Thursday, 22 December 2011

WAKIL RAKYAT NTB DI SENAYAN






Komitmen Dipertanyakan, Fungsi Pengawasan Nol
Sorotan terhadap anggota DPR/DPD RI dari daerah pemilihan (Dapil) NTB menjadi persoalan klasik yang tidak pernah lepas dari pro dan kontra. Khususnya terkait perannya dalam ikut serta membangun daerah. Persoalan ini menjadi salah satu tema dalam diskusi #forumwiken 11 Nopember 2011.
Provinsi NTB memiliki 10 wakil rakyat di DPR RI. Ada juga empat kursi untuk anggota Dewan Perwakilan Daerah (DPD). Jumlah ini cukup besar dibandingkan dua provinsi tetangga, yakni Bali dengan sembilan kursi dan NTT yang hanya memiliki enam kursi. Namun, di pentas nasional, jumlah yang lebih banyak ini tidak menunjukkan hal lebih dibandingkan legislator dari provinsi tetangga.

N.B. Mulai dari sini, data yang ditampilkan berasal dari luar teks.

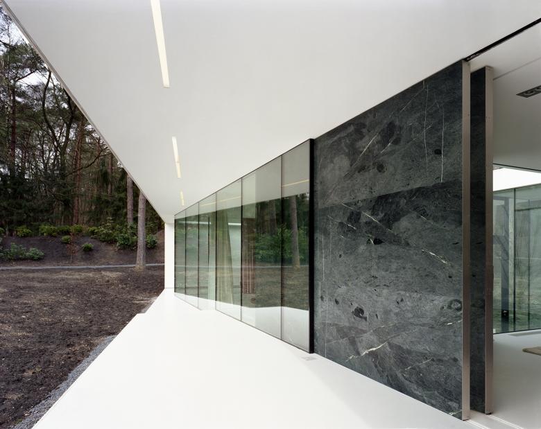 The glass facade is suspended between window frames hidden in the ceiling and floor. There is no vertical structure, only silicone joints to hold the glass. There is one large in the glass facade: a huge green marble sliding wall (a sort of mobilized Mies wall) which opens the intimacy of the living room onto the terrace. Although made of marble, the sliding wall is very light as it is mounted on honeycomb aluminum plates (a Chinese invention called stone-veneer now produced in Texas, USA, with predominantly Middle East stones). The marble sliding wall wraps around a cross-shaped column clad with a black rubber skin: this is what we called the "Miessian Gimp" (a reference to the Gimp character from Pulp Fiction).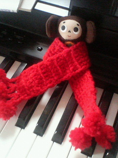 赤い手作りマフリャー。

Nama-nama anggota DPR RI Dapil NTB :
Nanang Samodra KA (Demokrat)
I Wayan Gunastra (Demokrat)
Abdurrahman Abdullah (Demokrat)
Adi Putra Tahir (Golkar)
M Luthfi (Golkar)
Fahri Hamzah (PKS)
Rachmat Hidayat (PDIP)
Sunardi Ayub (Hanura)
Syafruddin (PAN)
Tommy Adrian Firman pengganti Izzul Islam (PPP)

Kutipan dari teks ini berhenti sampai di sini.